▼

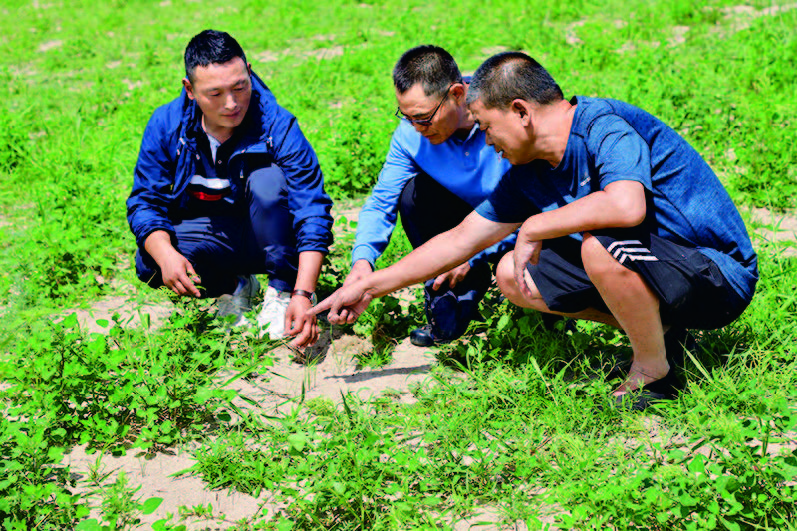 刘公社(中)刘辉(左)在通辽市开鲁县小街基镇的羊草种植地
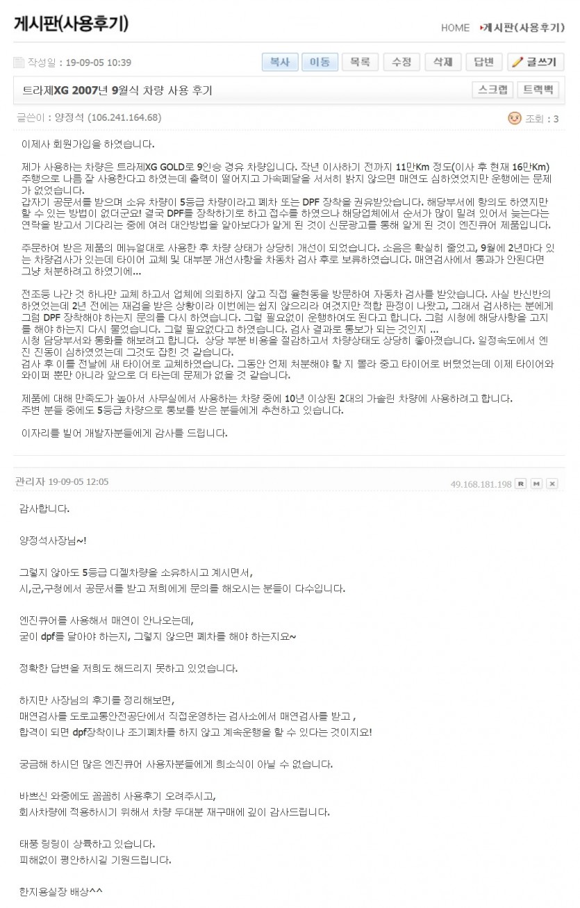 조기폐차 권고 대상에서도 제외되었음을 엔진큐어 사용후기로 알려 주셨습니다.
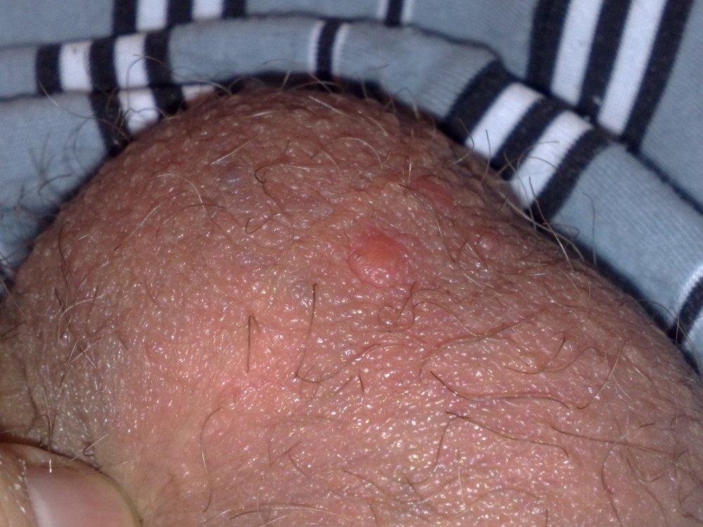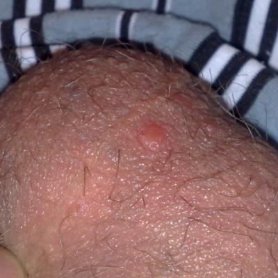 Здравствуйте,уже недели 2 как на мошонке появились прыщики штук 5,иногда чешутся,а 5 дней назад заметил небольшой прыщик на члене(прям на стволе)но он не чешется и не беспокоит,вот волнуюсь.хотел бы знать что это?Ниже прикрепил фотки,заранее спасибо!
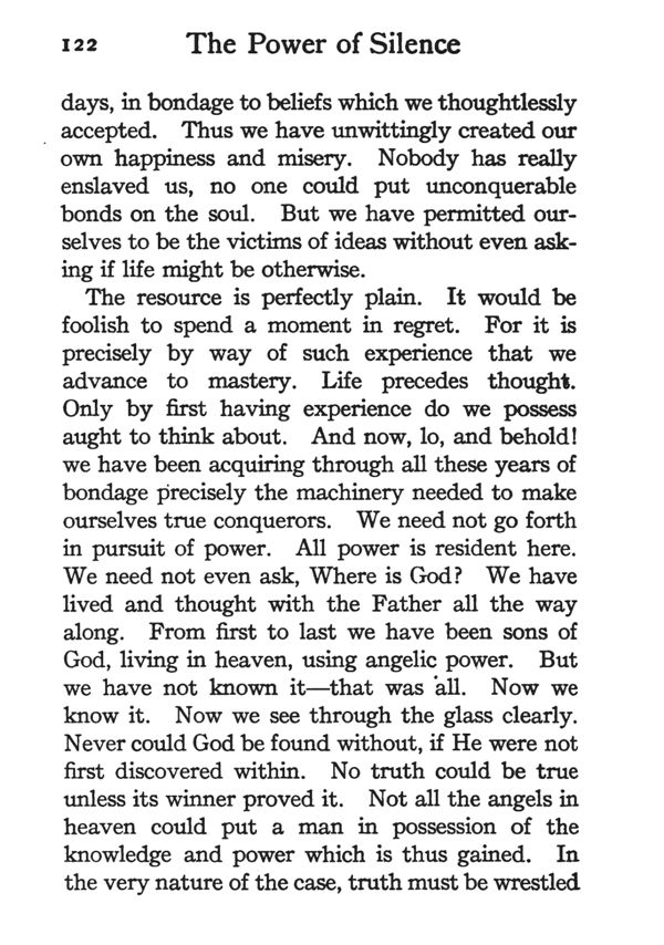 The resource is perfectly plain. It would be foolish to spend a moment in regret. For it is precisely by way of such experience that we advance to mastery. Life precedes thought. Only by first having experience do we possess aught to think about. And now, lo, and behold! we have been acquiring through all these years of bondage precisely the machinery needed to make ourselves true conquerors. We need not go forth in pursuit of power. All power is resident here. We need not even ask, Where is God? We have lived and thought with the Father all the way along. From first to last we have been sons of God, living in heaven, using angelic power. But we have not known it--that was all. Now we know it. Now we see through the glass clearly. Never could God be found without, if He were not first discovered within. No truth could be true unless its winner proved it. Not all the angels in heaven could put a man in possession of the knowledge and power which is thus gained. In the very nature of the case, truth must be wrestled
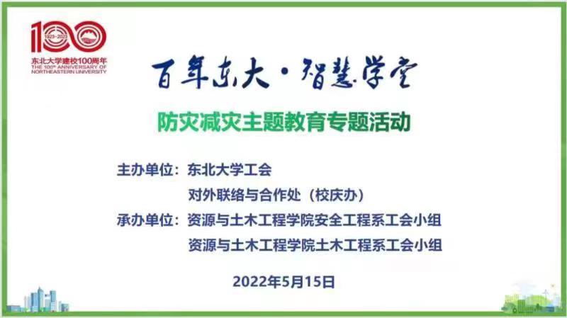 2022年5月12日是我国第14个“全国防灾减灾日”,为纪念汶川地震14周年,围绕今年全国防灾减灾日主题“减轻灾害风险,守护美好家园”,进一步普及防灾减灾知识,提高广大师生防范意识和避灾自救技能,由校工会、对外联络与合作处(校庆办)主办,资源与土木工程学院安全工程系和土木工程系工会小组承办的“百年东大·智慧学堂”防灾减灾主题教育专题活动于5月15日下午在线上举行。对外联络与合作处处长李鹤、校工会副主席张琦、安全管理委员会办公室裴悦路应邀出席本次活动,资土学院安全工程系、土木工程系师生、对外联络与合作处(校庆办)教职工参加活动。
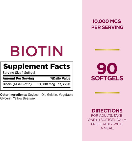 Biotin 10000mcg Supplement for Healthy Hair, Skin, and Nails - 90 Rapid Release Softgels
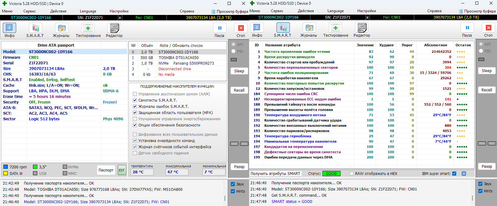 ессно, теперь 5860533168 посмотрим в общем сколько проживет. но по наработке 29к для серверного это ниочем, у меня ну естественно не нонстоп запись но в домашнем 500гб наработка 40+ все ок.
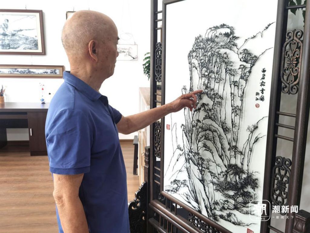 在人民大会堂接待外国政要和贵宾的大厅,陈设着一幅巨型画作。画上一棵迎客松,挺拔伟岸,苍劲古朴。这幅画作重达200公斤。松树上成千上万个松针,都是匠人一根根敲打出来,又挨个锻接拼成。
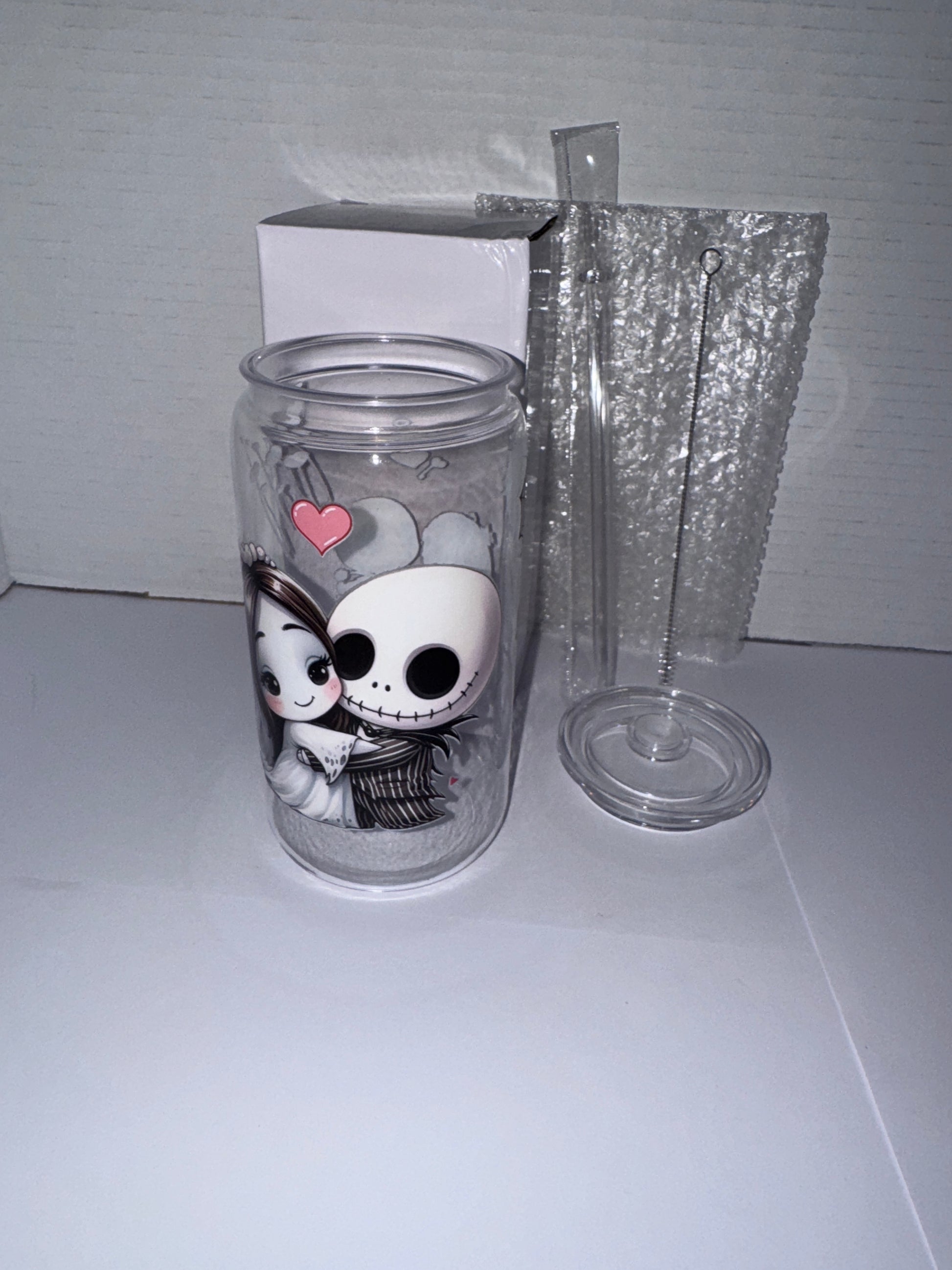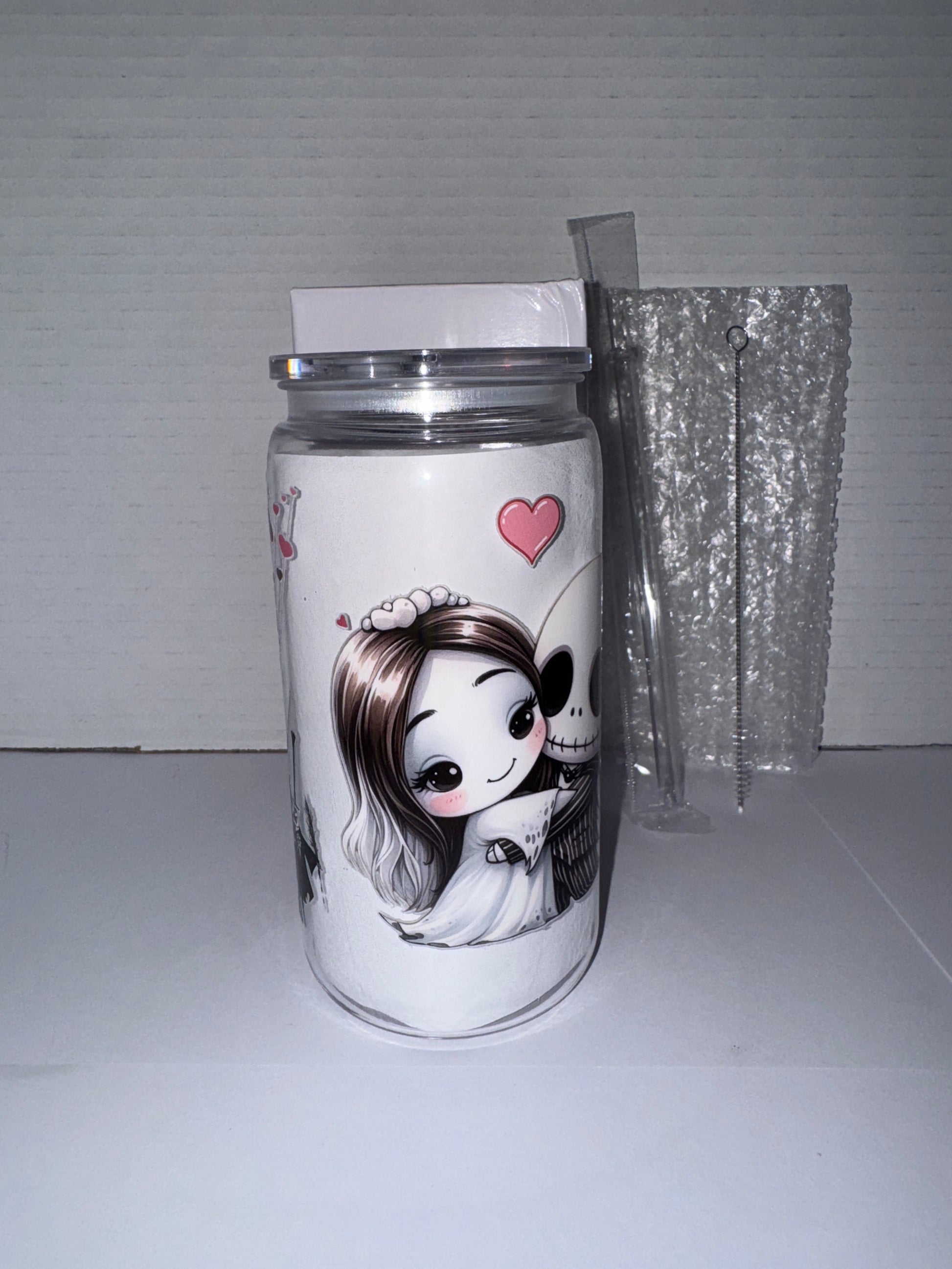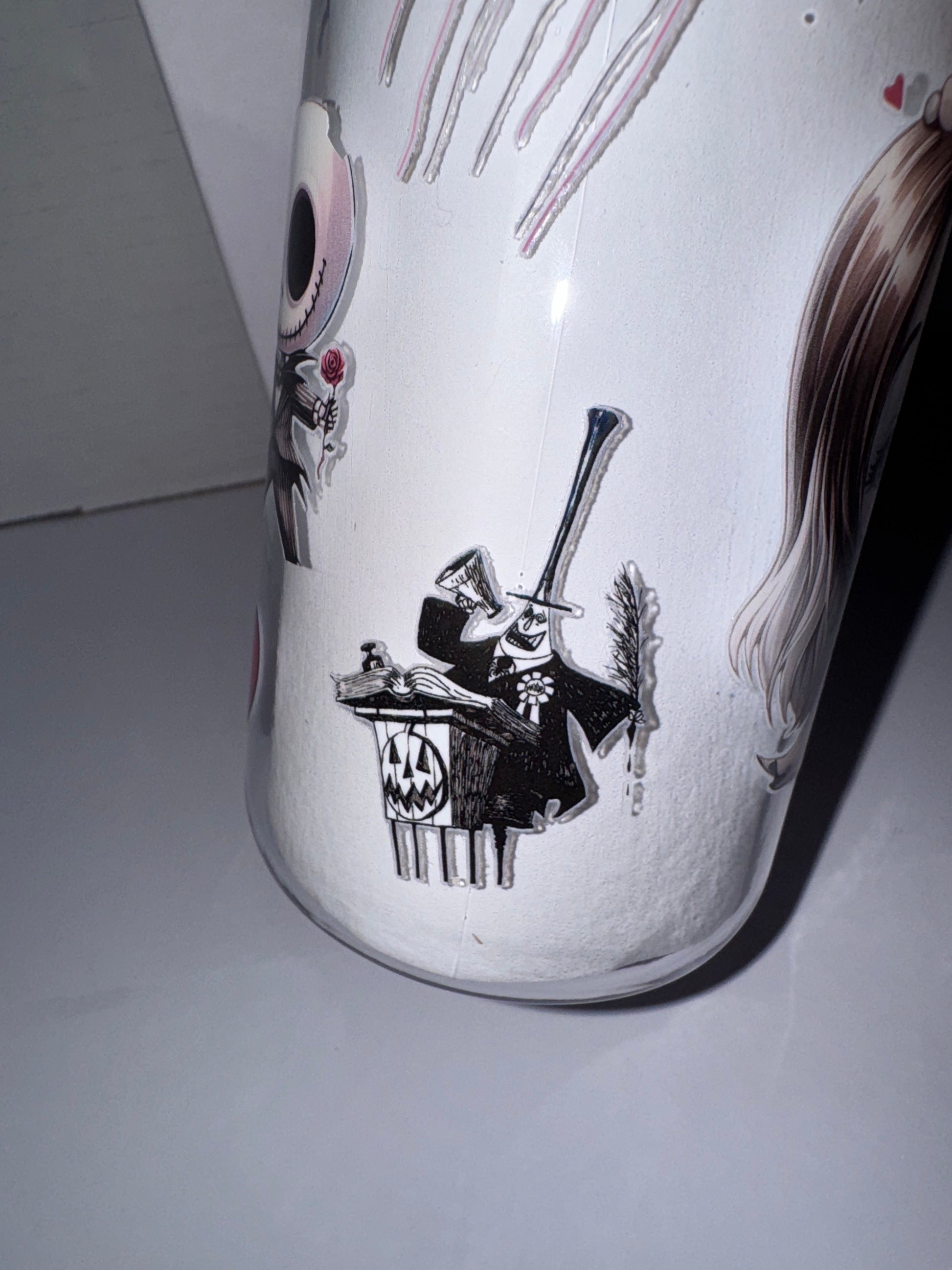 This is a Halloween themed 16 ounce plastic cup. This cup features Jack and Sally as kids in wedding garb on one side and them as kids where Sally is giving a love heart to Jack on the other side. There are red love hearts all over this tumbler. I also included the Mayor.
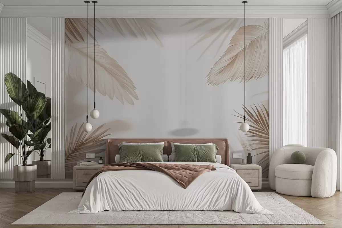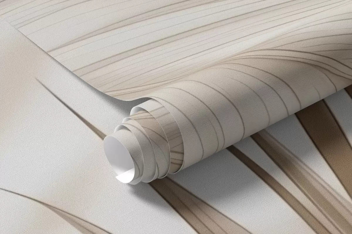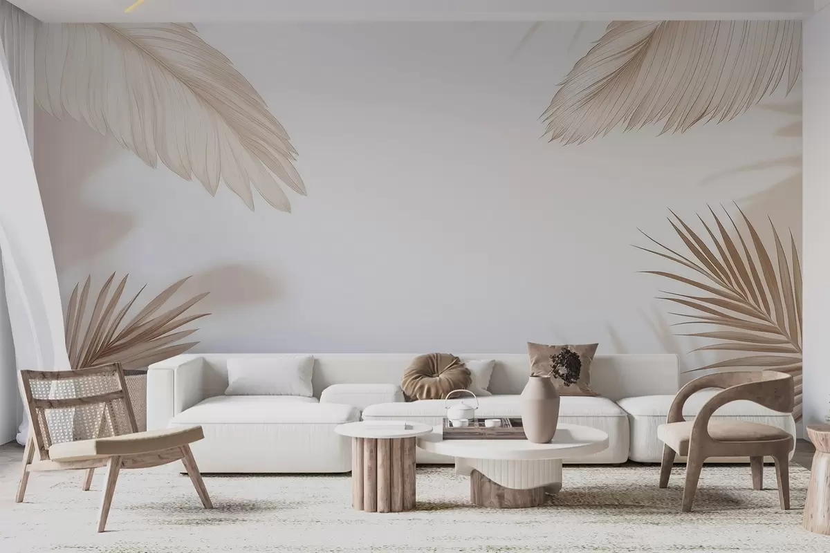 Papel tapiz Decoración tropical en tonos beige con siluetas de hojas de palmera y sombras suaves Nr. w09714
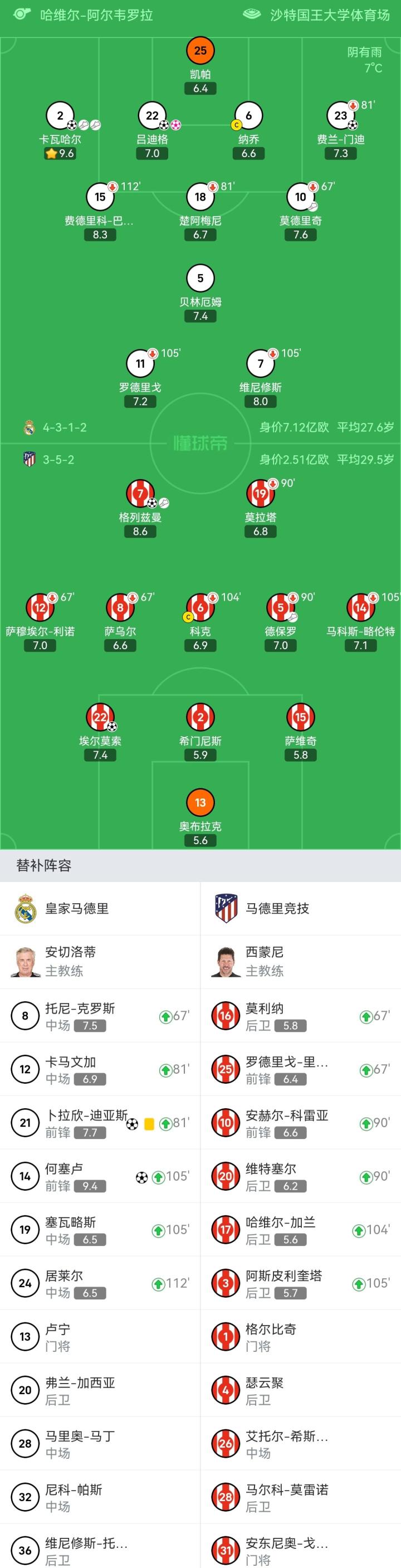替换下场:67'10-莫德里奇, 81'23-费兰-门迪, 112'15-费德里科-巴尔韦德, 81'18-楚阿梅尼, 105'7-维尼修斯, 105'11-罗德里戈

▲

§ **Work instruction**
If a record holds a picture, skip the picture and write out everything else exactly.

§ **The answer**
 刘公社(中)刘辉(左)在通辽市开鲁县小街基镇的羊草种植地
 조기폐차 권고 대상에서도 제외되었음을 엔진큐어 사용후기로 알려 주셨습니다.
 Здравствуйте,уже недели 2 как на мошонке появились прыщики штук 5,иногда чешутся,а 5 дней назад заметил небольшой прыщик на члене(прям на стволе)но он не чешется и не беспокоит,вот волнуюсь.хотел бы знать что это?Ниже прикрепил фотки,заранее спасибо!
 The resource is perfectly plain. It would be foolish to spend a moment in regret. For it is precisely by way of such experience that we advance to mastery. Life precedes thought. Only by first having experience do we possess aught to think about. And now, lo, and behold! we have been acquiring through all these years of bondage precisely the machinery needed to make ourselves true conquerors. We need not go forth in pursuit of power. All power is resident here. We need not even ask, Where is God? We have lived and thought with the Father all the way along. From first to last we have been sons of God, living in heaven, using angelic power. But we have not known it--that was all. Now we know it. Now we see through the glass clearly. Never could God be found without, if He were not first discovered within. No truth could be true unless its winner proved it. Not all the angels in heaven could put a man in possession of the knowledge and power which is thus gained. In the very nature of the case, truth must be wrestled
 2022年5月12日是我国第14个“全国防灾减灾日”,为纪念汶川地震14周年,围绕今年全国防灾减灾日主题“减轻灾害风险,守护美好家园”,进一步普及防灾减灾知识,提高广大师生防范意识和避灾自救技能,由校工会、对外联络与合作处(校庆办)主办,资源与土木工程学院安全工程系和土木工程系工会小组承办的“百年东大·智慧学堂”防灾减灾主题教育专题活动于5月15日下午在线上举行。对外联络与合作处处长李鹤、校工会副主席张琦、安全管理委员会办公室裴悦路应邀出席本次活动,资土学院安全工程系、土木工程系师生、对外联络与合作处(校庆办)教职工参加活动。
 Biotin 10000mcg Supplement for Healthy Hair, Skin, and Nails - 90 Rapid Release Softgels
 ессно, теперь 5860533168 посмотрим в общем сколько проживет. но по наработке 29к для серверного это ниочем, у меня ну естественно не нонстоп запись но в домашнем 500гб наработка 40+ все ок.
 在人民大会堂接待外国政要和贵宾的大厅,陈设着一幅巨型画作。画上一棵迎客松,挺拔伟岸,苍劲古朴。这幅画作重达200公斤。松树上成千上万个松针,都是匠人一根根敲打出来,又挨个锻接拼成。
 This is a Halloween themed 16 ounce plastic cup. This cup features Jack and Sally as kids in wedding garb on one side and them as kids where Sally is giving a love heart to Jack on the other side. There are red love hearts all over this tumbler. I also included the Mayor.
 Papel tapiz Decoración tropical en tonos beige con siluetas de hojas de palmera y sombras suaves Nr. w09714
替换下场:67'10-莫德里奇, 81'23-费兰-门迪, 112'15-费德里科-巴尔韦德, 81'18-楚阿梅尼, 105'7-维尼修斯, 105'11-罗德里戈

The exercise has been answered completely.